/ 9 January 2026

Empire by another name

P20260103mr 0139 President Donald Trump, Cia Director John Ratcliffe And Secretary Of State Marco Rubio Monitor U.s. Military Operations In Venezuela
Triad of evil: President Donald Trump, CIA Director John Ratcliffe and Secretary of State Marco Rubio monitor US military operations in Venezuela. Photo by Molly Rile

“Every ruling power tells stories to justify its rule.” — Noam Chomsky

Venezuela’s geopolitical significance has long been tied to its vast oil reserves. In recent years, Venezuelan crude has increasingly been sold to China, the world’s largest oil importer and notably outside the US dollar system, with transactions reportedly conducted in alternative currencies. China has become Venezuela’s primary oil buyer, a development that directly challenges long-standing US economic dominance in the region.

Against this backdrop, the United States under President Donald Trump has escalated its military posture toward Venezuela. Reports indicate the mobilisation of approximately 15 000 US troops, alongside warships and fighter jets. Bombardments have been reported and Trump has gone so far as to capture and transfer Venezuelan President Nicolás Maduro and his wife to the United States.

The Trump administration has justified these actions as part of a campaign against drug cartels and so-called “narco-terrorism,” framing them as unlawful combatants posing a threat to US national security. Yet this narrative rings hollow. Despite decades of militarised “wars on drugs,” narcotics continue to enter the United States at scale. The invocation of narco-terrorism appears less a genuine security strategy than a discursive tool — another story deployed to legitimise intervention.

To understand this escalation, one must return to the Monroe Doctrine. First articulated in 1823, the doctrine declared Latin America to be the exclusive sphere of influence of the United States, warning external powers against involvement in the region. While framed as an anti-colonial measure, it evolved into a mechanism for US imperial control, repeatedly invoked to justify interventions, coups, sanctions and regime-change operations throughout Latin America.

In this sense, Venezuela is not an exception but a continuation. The Monroe Doctrine remains alive — if not in name, then in practice. Venezuela’s socialist orientation, its refusal to submit to US economic orthodoxy, its decision to trade oil outside the dollar system and its alliances with US rivals all represent violations of an unwritten rule: Latin America must not chart an independent political or economic course.

This directly conflicts with sovereignty under international law. The principle of state sovereignty is a cornerstone of the modern international legal order and is enshrined in Article 2(1) of the United Nations Charter, which affirms the sovereign equality of all states. Article 2(4) further prohibits the threat or use of force against the territorial integrity or political independence of any state, while Article 2(7) bars intervention in matters essentially within a state’s domestic jurisdiction.

Under international law, regime change, coercive economic measures and military intervention are unlawful unless authorised by the UN Security Council or undertaken in genuine self-defence against an armed attack. Political ideology, economic policy choices, migration pressures, or alliances with rival powers do not constitute lawful grounds for intervention. The selective invocation of “national security” to override these principles reflects not legality, but power.

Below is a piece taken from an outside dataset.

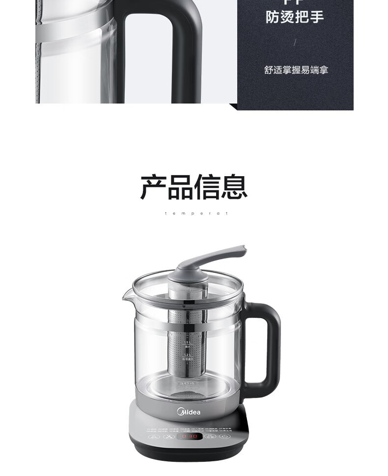 美的 电热水壶 一机多用 多功能电水壶烧水壶 1.5L容量智能 YSNC1506B

The message is therefore not directed at Venezuela alone. It is a warning to the entire region: defiance of US hegemony will be met with force. Destabilisation also serves domestic US objectives, including the deterrence of migration. There are currently over 770 000 Venezuelans living in the United States, many displaced by economic collapse worsened by sanctions and international isolation.

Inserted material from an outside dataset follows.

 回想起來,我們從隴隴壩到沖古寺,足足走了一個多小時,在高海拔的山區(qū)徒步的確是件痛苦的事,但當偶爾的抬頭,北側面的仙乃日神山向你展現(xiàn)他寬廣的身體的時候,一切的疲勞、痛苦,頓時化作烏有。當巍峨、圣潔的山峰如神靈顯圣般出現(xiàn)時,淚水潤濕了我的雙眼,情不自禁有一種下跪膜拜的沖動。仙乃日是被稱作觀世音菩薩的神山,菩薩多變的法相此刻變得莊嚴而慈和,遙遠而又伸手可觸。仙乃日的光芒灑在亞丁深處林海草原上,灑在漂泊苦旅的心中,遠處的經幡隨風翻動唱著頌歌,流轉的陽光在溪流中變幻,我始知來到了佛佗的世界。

Following US intervention, Venezuelan oil is once again reportedly being traded in US dollars, underscoring the economic interests beneath the rhetoric of security and legality.

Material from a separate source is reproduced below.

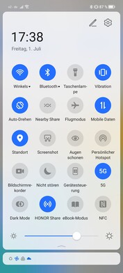 Si el smartphone está conectado a un ordenador por cable, las fotos, los contactos y los mensajes pueden sincronizarse a través del programa Honor Suite. Las actualizaciones también pueden controlarse a través del software. Honor no ha proporcionado ninguna información sobre próximas actualizaciones, y aún no está claro si se entregará Android 12 y cuándo. Durante el proceso de revisión, el smartphone recibió una actualización de seguridad a principios de julio y actualizó el parche de abril a junio. En base a esto, se puede suponer que el dispositivo recibirá una actualización de seguridad cada tres meses.

Israel, a settler-colonial state, welcomed the US action, praising the blow dealt to Iran’s regional influence. This reaction is unsurprising. Maduro’s government maintained close ties with Iran and consistently opposed Israeli policies. The episode thus fits neatly into a broader global alignment, where US and Israeli strategic interests converge against states that resist Western dominance.

What emerges is not a war on drugs, nor a defence of democracy, but a familiar pattern: the Monroe Doctrine updated for the 21st century — operating in direct tension with international law, enforced through bombs, sanctions and stories of security that mask the preservation of the empire.

Sõzarn Barday is a South African lawyer. She writes on human rights, international law, and political developments in the Middle East. The views expressed are her own.